▶ **Task inputs**
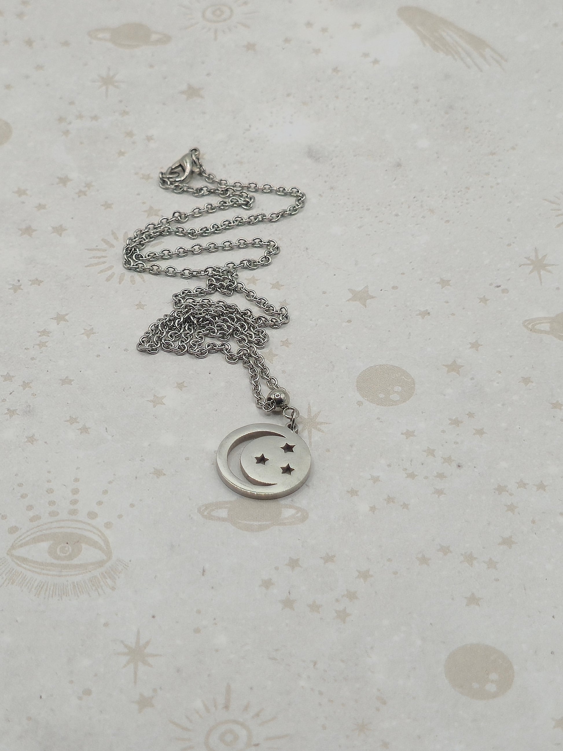 304 Stainless Steel Pendant Necklace, Flat Round with Moon and Stars, Stainless Steel Color, 18x16x1.5mm, Hole: 1.2mm
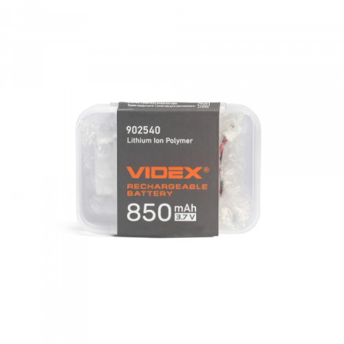 Акумулятор VIDEX VLF-B902540-85 має прямокутну форму і запакований в надійно захищеному від вологи блістері. Ємність – 850mAh. Робоча напруга – 3.7V. Розміри – 9х25х40мм. Гарантійний термін – 6 місяців.
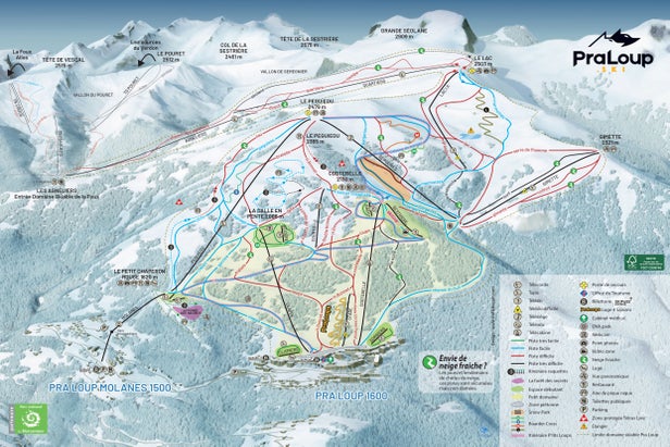 Pra Loup is one of the major ski areas in the Southern Alps with a friendly, laid back reputation and excellent lift systems. Lively, sunny, purpose built centre with two bases - the larger Pra Loup 1600 and the smaller Molanes at 1500m. Strong emphasis on family facilities and an excellent lift system linked to La Foux d'Allos in 'La Liberté de l'Espace'. The Pra Loup gondola is ideal for boarders and beginners as it goes straight up from the village at 1600 to sunny nursery slopes with nearby ...more
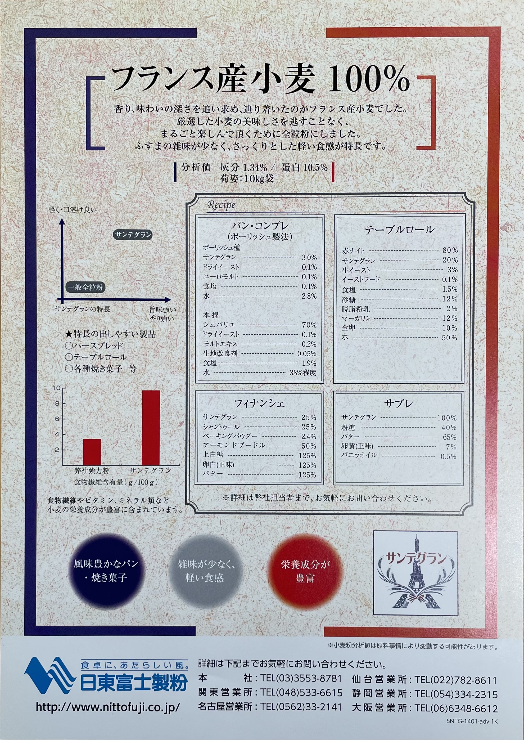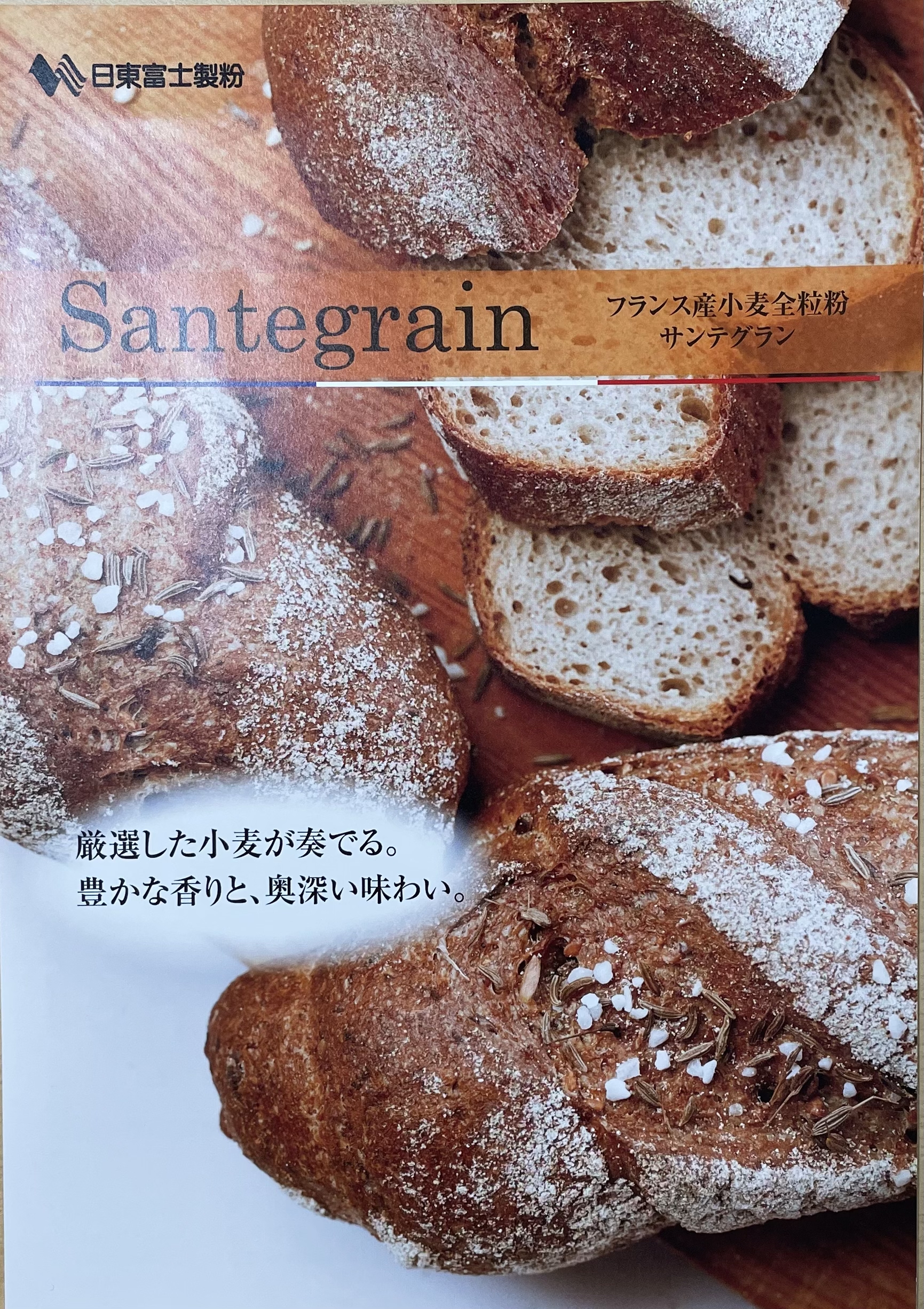 フランス産小麦100%使用。全粒粉とは小麦の表皮、胚芽、胚乳をすべて粉にしたものです。胚乳だけを用いる通常の小麦粉と比べ栄養価が高く健康志向の商品作りが出来ます。
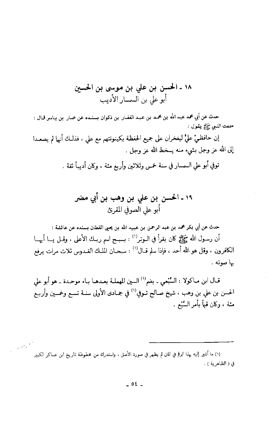 أبو علي بن السمسار الأديب حدث عن أبي محمد عبد الله بن محمد بن عبد الغفار بن ذكوان بسنده عن عمار بن ياسر قال: سمعت النبي صَلَّى اللهُ عَلَيْهِ وَسَلَّمَ يقول: إن حافظي علي ليفخران على جميع الحفظة بكينونتهم مع علي، فذلك أنهما لم يصعدا إلى الله عز وجل بشيء منه يسخط الله عز وجل.
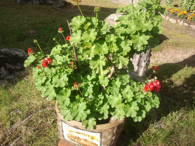 De här pelargonerna har svärmor drivit upp från små skott i våras. I dag finns det tre så här stora växter på sommarstället.

▶ **What is expected**
The records above should be repeated exactly, with every picture omitted.

▶ **Solution to the problem**
 304 Stainless Steel Pendant Necklace, Flat Round with Moon and Stars, Stainless Steel Color, 18x16x1.5mm, Hole: 1.2mm
 Акумулятор VIDEX VLF-B902540-85 має прямокутну форму і запакований в надійно захищеному від вологи блістері. Ємність – 850mAh. Робоча напруга – 3.7V. Розміри – 9х25х40мм. Гарантійний термін – 6 місяців.
 Pra Loup is one of the major ski areas in the Southern Alps with a friendly, laid back reputation and excellent lift systems. Lively, sunny, purpose built centre with two bases - the larger Pra Loup 1600 and the smaller Molanes at 1500m. Strong emphasis on family facilities and an excellent lift system linked to La Foux d'Allos in 'La Liberté de l'Espace'. The Pra Loup gondola is ideal for boarders and beginners as it goes straight up from the village at 1600 to sunny nursery slopes with nearby ...more
 フランス産小麦100%使用。全粒粉とは小麦の表皮、胚芽、胚乳をすべて粉にしたものです。胚乳だけを用いる通常の小麦粉と比べ栄養価が高く健康志向の商品作りが出来ます。
 أبو علي بن السمسار الأديب حدث عن أبي محمد عبد الله بن محمد بن عبد الغفار بن ذكوان بسنده عن عمار بن ياسر قال: سمعت النبي صَلَّى اللهُ عَلَيْهِ وَسَلَّمَ يقول: إن حافظي علي ليفخران على جميع الحفظة بكينونتهم مع علي، فذلك أنهما لم يصعدا إلى الله عز وجل بشيء منه يسخط الله عز وجل.
 De här pelargonerna har svärmor drivit upp från små skott i våras. I dag finns det tre så här stora växter på sommarstället.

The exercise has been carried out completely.